Valentine’s Day, as I mentioned before, is a day that promotes and pushes romance and can leave many men seeking it in the wrong ways. Porn becomes a convenient way of finding potent, though disillusioned, feelings of intimacy. What about the men around us though? Are we making an effort to guard their integrity? Do we choose to look at them with pure eyes or give them the respect of space and privacy when needed?
I ask these questions knowing that for many of you, the men around you are unaware of your same-sex attraction. I’d encourage you to be open with the men you spend time with. Failing to do so, especially with the men who you go deep into friendship with, can be dangerous for both hearts. Not knowing that they are vulnerable with someone who is attracted to them can make men feel duped. Not being transparent with good friends can leave us who have SSA feeling dishonest and misunderstood.

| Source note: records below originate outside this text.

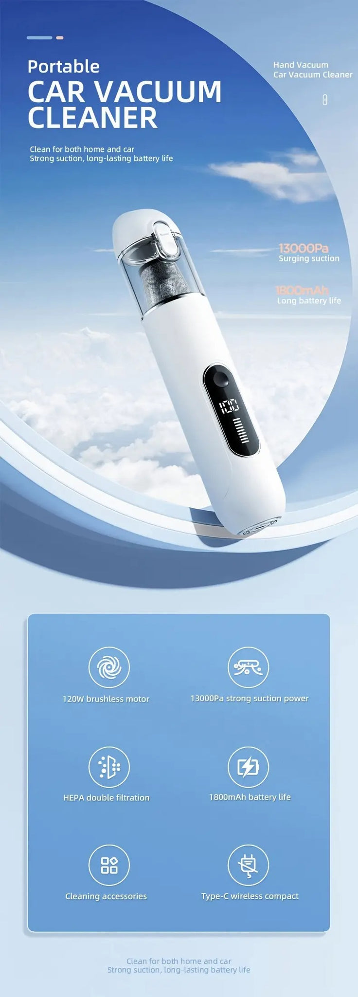 The NNETM Cordless Vacuum Cleaner delivers powerful 13000Pa suction for deep and efficient cleaning in both home and car environments. Its 120W brushless motor ensures consistent performance while the 1800mAh lithium battery offers up to one hour of uninterrupted use. Designed with a one-touch emptying system and integrated blow-suction function, this compact vacuum provides a smooth cleaning experience with minimal effort.
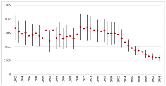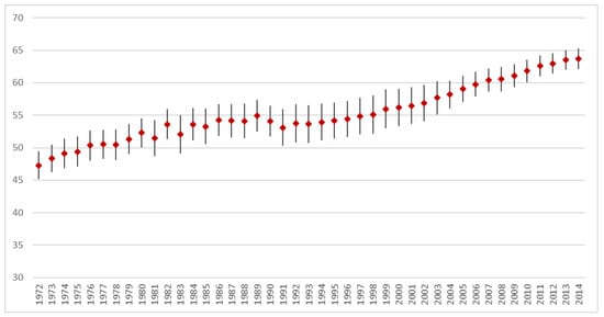 Finally, for each year, the population weighted life expectancy was calculated. Time trends for life expectancy, as well as {a}, {b}, and {c} were depicted and analyzed in linear regression over time.
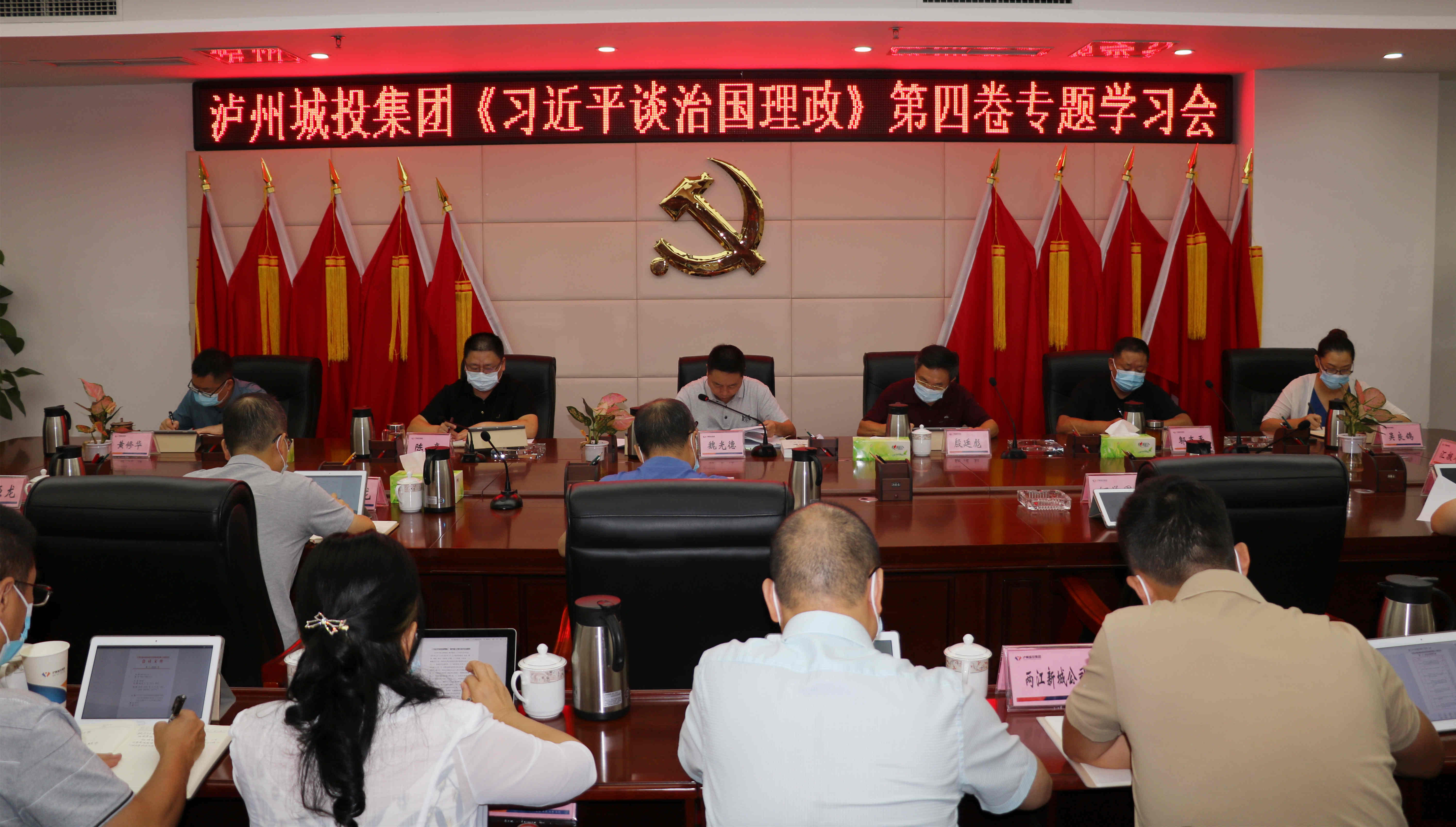 9月19日,瀘州城投集團(tuán)黨委理論學(xué)習(xí)中心組舉行專題學(xué)習(xí)(擴(kuò)大)會(huì),圍繞《習(xí)近平談治國理政》第四卷進(jìn)行集中學(xué)習(xí)研討。會(huì)議由集團(tuán)黨委書記、董事長魏光德主持,集團(tuán)領(lǐng)導(dǎo)班子成員,集團(tuán)各部門、各子公司負(fù)責(zé)人參會(huì)。

Here are my suggestions for some boundaries to establish this February:
- If you’re going to be alone with someone of the same gender, they should know about your SSA. Of course, do I think you need to bring up everything about your SSA when you give someone a lift to the gym? No. But, if you’re going to stay at someone’s apartment and it’s just the two of you, maybe it’s a conversation worth having.
- If you’re attracted to men who you keep accountable in areas like sexual purity, consider whether that is a healthy decision or not. Of course, if you back out of accountability, you shouldn’t just dump them. Be honest- they’ll most likely respect you all the more for showing such concern for them. If keeping them accountable honestly has no effect on you, then keep it up.
- Don’t just keep physical boundaries. If you feel like you are constantly seeking comfort or validation from men around you or one particular guy, then consider that you may be attracted to them and you may owe them your honesty about your SSA so that they can care for you responsibly. This also pertains if you are the one who is always seeking to care for the men around you- be careful you aren’t looking at them affectionately in a way that could be damaging if they knew about your SSA.
These are just suggestions and I would love to have some comments to hear what people think and how they have established as boundaries with the men around them. Either way, I think transparency is more often than not a good thing.
Valentine’s Day can bring up a lot of seeking for love and affection, validation and care. When you’re in relationship with the men around you, be sure to respect them by being open with them about how you’re really feeling. You may find that rather than putting them off, your friendship not only becomes healthier but much, much stronger.